What does it look like when you finally accomplish a thing that is more indicative of the total sum of your talents than anything you have done before in your life? For Chris Rock, it would look something like his new film, Top Five, which he stars in, directs and co-wrote along with Scott Rudin.
Just as life often affords us multiple opportunities to right wrongs, Rock has afforded himself the opportunity to direct, write and star in a comedy that might be a hit. Though he has attempted to do so in the past with such offerings as I Think I Love My Wife and Head of State, we believe Top Five, which opens Friday, is the most quintessentially Chris Rock film of all time. Yes, we’re aware that’s saying a lot, but perhaps that hyperbole will give you some sort of an idea as to the content, scope and comic sensibilities of the movie.
Featuring an all-star class of elite black comedians, the likes of whom have not been seen since Eddie Murphy’s Boomerang and Harlem Nights, Top Five stars Rock, JB Smoove, Tracy Morgan, Michael Che, Cedric the Entertainer, Kevin Hart, Sherri Shepherd, Gabrielle Union, Leslie Jones and Rosario Dawson. This modern comedy is smart, funny, full of wit and delicious ribaldry.
Rock plays a standup comic named Andre Allen who made it big by portraying a man in a bear suit named Hammy, but now he wishes to move beyond that character and try to make a name for himself in dramatic roles. But things aren’t going so well because the media and his fans simply won’t take his career shift seriously and insist that he play a character he’s grown tired of.
Rock portrays Allen as intelligent, thoughtful, introspective and vulnerable to his addictions. In fact, he is a recovering alcoholic who has been sober for five years when the movie begins. At a press conference last month in New York City featuring the film’s stars, Union spoke of her own addictions.
“I think the addiction for my character, as well as my addiction in real life, is the addiction of wanting to please, to want to be liked and to be validated by other people,” Union candidly stated. “In the film, you have this girl who doesn’t have any discernible talent, any quantifiable talent, except who she is and that people have decided to like her and that people are interested in her wedding.

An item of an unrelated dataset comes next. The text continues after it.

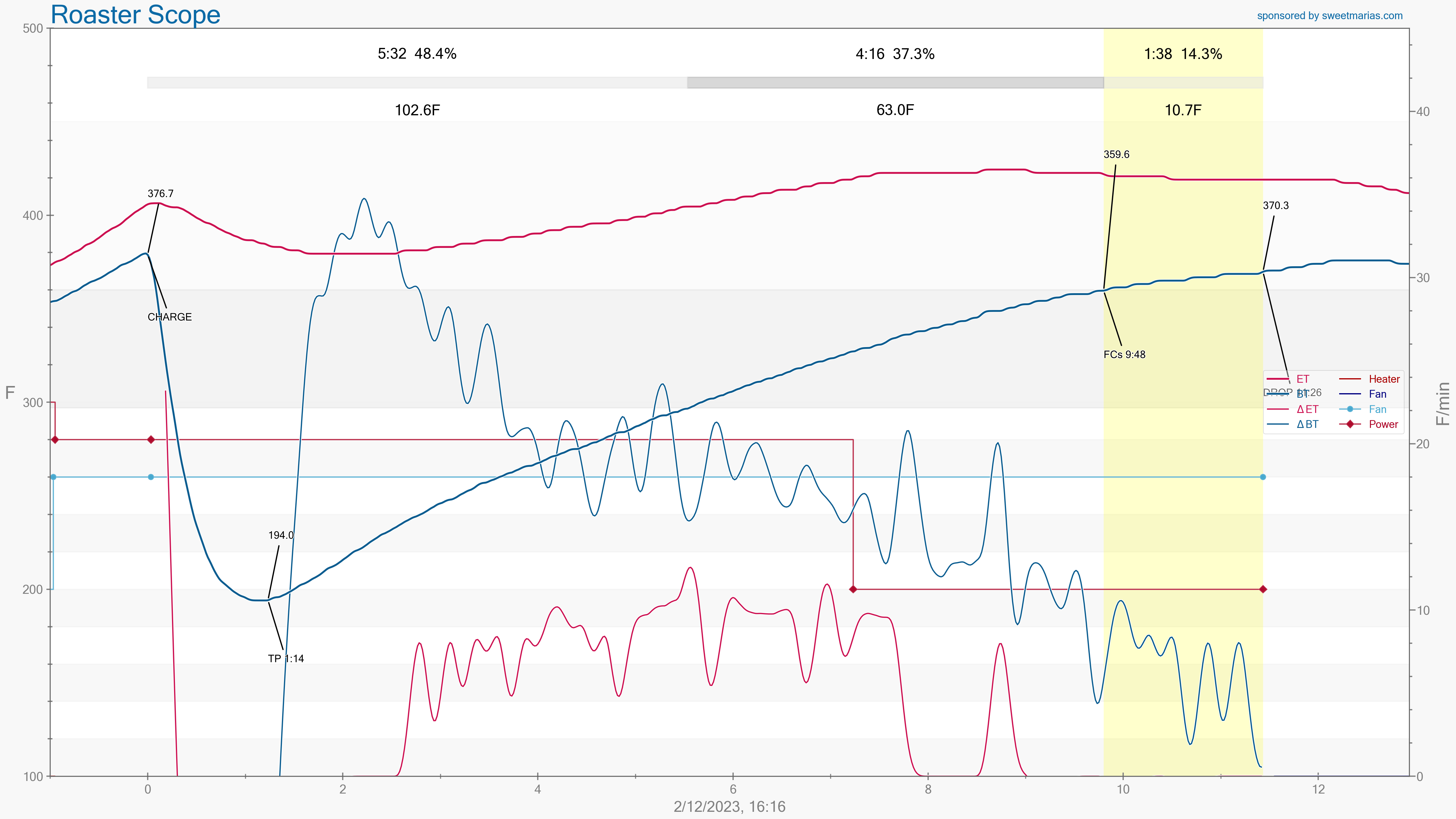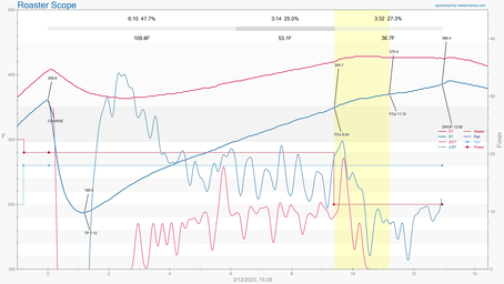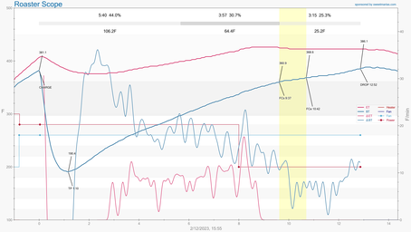 Dropped batch #3 at 370F to give roast some bright notes.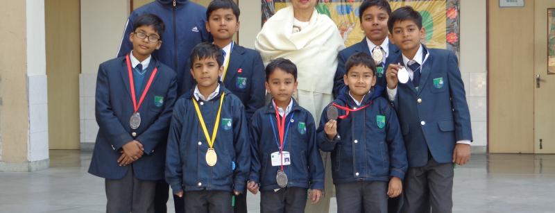 Pratyaksh Jain of class 3 won one gold & one Silver in under-8 inline (300, 500 mtrs),Manit Jain of class KG won two Bronze in under -6 Quads (300,500 mtrs), Kautik Agarwal of class 1 won one silver & one Bronze in Under -6 Adjustable (300,500 mtrs ), Sanket Goel of class 6 won one Silver & one Bronze medal in Under -12 inline (300,500 mtrs), Manit Bansal of class 3 won one Bronze medal in under -8 inline (500 mtrs), Pranay Kapahi of class 1 won one Bronze Under-8 inline (300 mtrs), Surya Nagar of class 4 won one Gold & One Silver medal in under -10 Quads (300, 500 mtrs) and Alok Baisla of class 1 won One Gold & one Silver medal in under -6 Adjustable (300, 500 mtrs) in Invitational UP State Open Roller Skating Championship 2016 held at IIMT Academy , Meerut on 25 December 2016.

“There’s this constant addiction to feed the beast,” she continued. “How do I stay being liked? How do I avoid unemployment? How do I, how do I, how do I? I think that becomes addicting in our industry and in life. I think that’s something everyone everywhere can relate to, wanting to be liked and be chosen. With reality TV we’ve just taken it a step further, to be publicly chosen. In our own lives, we want to be chosen. We want to be picked.”